Tuttavia, fatta tale premessa, il Consiglio concluse richiamando il decreto di archiviazione della Magistratura sulle querele e sulle controquerele e stabilì, rifacendosi alla decisione della Magistratura penale, di non poter accertare responsabilità e violazioni deontologiche.
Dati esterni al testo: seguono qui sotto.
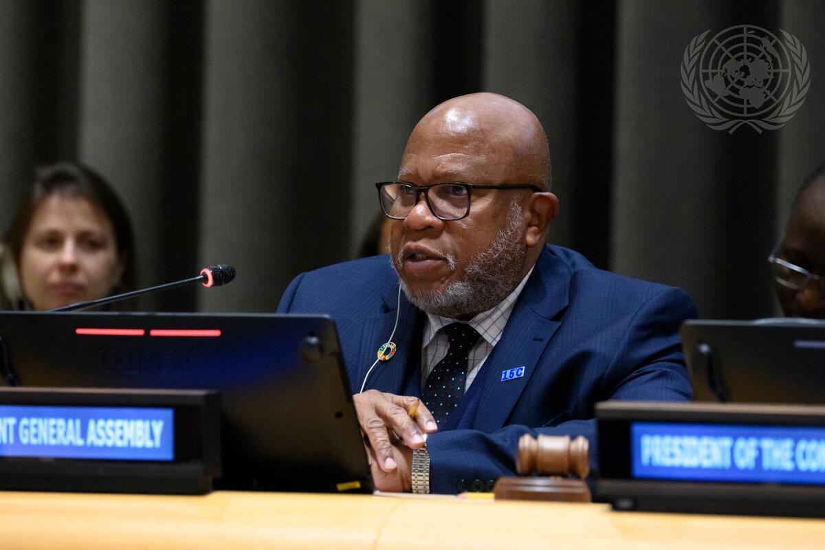 Dennis Francis, President of the seventy-eighth session of the General Assembly, addresses the fourth session of the Conference on the Establishment of a Middle East Zone Free of nuclear weapons and other Weapons of Mass Destruction.
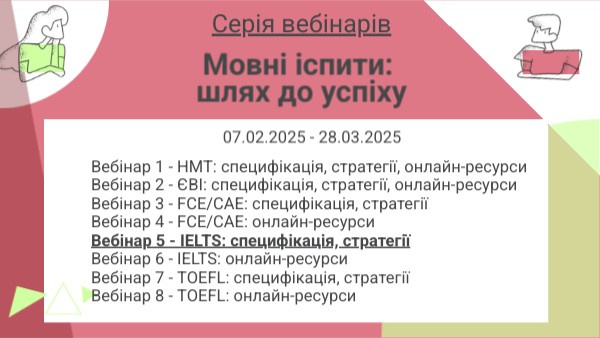Bебінар 1 - НМТ: специфікація, стратегії, онлайн-ресурси Bебінар 2 - ЄВІ: специфікація, стратегії, онлайн-ресурси Bебінар 3 - FCE/CAE: специфікація, стратегії Bебінар 4 - FCE/CAE: онлайн-ресурси Bебінар 5 - IELTS: специфікація, стратегії Bебінар 6 - IELTS: онлайн-ресурси Bебінар 7 - TOEFL: специфікація, стратегії Bебінар 8 - TOEFL: онлайн-ресурси
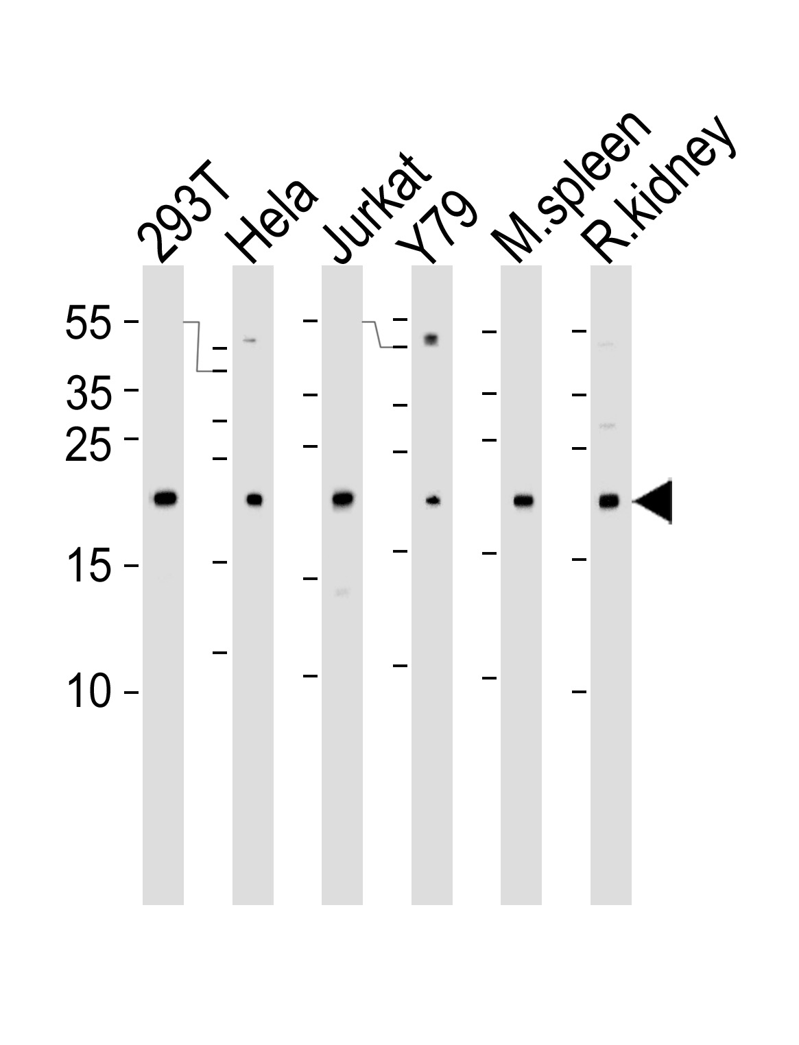 Western blot analysis of lysates from 293T, Hela, Jurkat, Y79 cell line , mouse spleen and rat kidney tissue lysate(from left to right), using DHFR Antibody (N-term)( APR07558G). APR07558G was diluted at 1:1000 at each lane. A goat anti-rabbit IgG H&L(HRP) at 1:5000 dilution was used as the secondary antibody. Lysates at 35ug per lane. |

Pur amareggiato dal non aver avuto la giustizia che invece meritava, Ceccarini in quel frangente ebbe comunque la soddisfazione di sentir pronunciare, da parte dell’Ordine nazionale, parole di condanna verso quei guornalisti di Pisa che, invece di attenersi alle regole deontologiche della loro professione, quel giorno difesero una violenza gratuita messa in atto da degli ultras facendo loro stesso gli ultras. Ai giornalisti livornesi, in quell’occasione, venne moralmente riconosciuto che quel 17 febbraio furono ingiustamente offesi ed aggrediti, anche se una vera condanna degli autori delle aggressioni e delle successive diffamazioni, purtroppo, non c’è mai stata. E questa mancanza, indubbiamente, rappresenta un’ingiustizia che, ci auguriamo, venga in qualche modo sanata.